SLX, which debuted almost 17 years ago, holds just 25 stocks, and while that lineup is concentrated, it is representative of the current state of the investable global steel industry. It is an industry worth examining as prices bounce back.
“Prices for the commodity have rebounded from the low at the end of last year, with various producers announcing price hikes from December into February. While rebar and plate prices are still off from the extreme levels seen about a year ago, they are up modestly to start the year and may be poised to move higher,” noted Coulter Regal, associate product manager at VanEck.
Importantly, SLX components have compelling catalysts ahead that may not yet be factored into steel equity prices. As Regal points out, those include a favorable seasonal period, international demand, improving demand from the automotive sector, and potential benefits by way of the U.S. Infrastructure Act.
Indeed, infrastructure legislation has long been viewed as a catalyst for basic materials stocks, and that is the universe in which SLX components dwell.
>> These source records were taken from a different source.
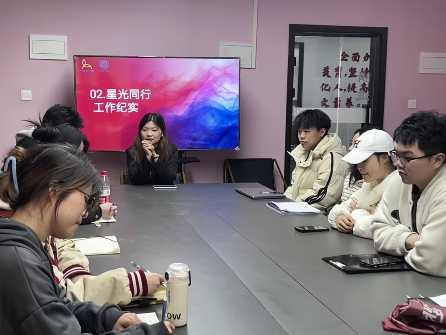 会议伊始,各部门代表依次进行工作介绍,全面复盘过去一段时间的工作成果。外院青协在志愿者招募方面独树一帜,借助新媒体平台强大的传播力,精心制作吸睛的短视频与图文海报,成功吸引大批身怀不同特长的同学踊跃加入,源源不断地为志愿服务注入新鲜血液。不仅如此,外院青协还定期组织新闻稿培训,干事们在活动宣传上的能力显著提升,每次活动都能实现及时、有效的传播,收获到广泛的关注。
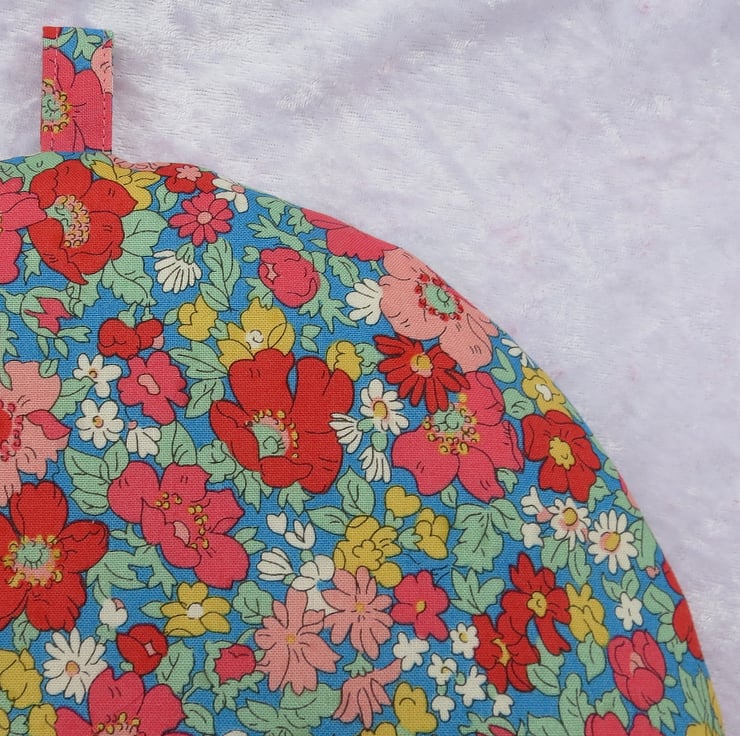 This is a medium sized tea cosy, made to fit a 3 cup teapot.
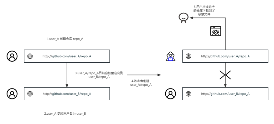 RepoJacking攻击源于部分安装脚本对软件的安装使用的是GitHub仓库的命名空间进行下载,而在命名空间的所有者更名或是删除后,该命名空间会被攻击者劫持。

The Infrastructure and Jobs Act signed by President Biden promises $550 billion in spending — a large enough sum to perhaps benefit a slew of industries, including steel.
“The boost in U.S. infrastructure spending could help mitigate any moderating economic growth and support demand for steel. Spending on renewable-energy projects, like wind turbines, is also expected to provide additional demand for steel,” added Regal.
Rising international demand for steel is pertinent for SLX investors on multiple fronts. Domestic stocks account for 50.69% of the ETF’s weight, and some of those firms are levered to the steel export story. Second, SLX’s nearly 40% combined allocation to Brazilian, Dutch, and Australian steelmakers could be an attractive trait against the backdrop of soaring international demand.
“The steel industry is set for a continued rebound, with increased infrastructure spending, expected demand overseas and a recovery in automotive production all contributing to the positive outlook. Investors should keep an eye on the global steel industry as an interesting area of the market,” concluded Regal.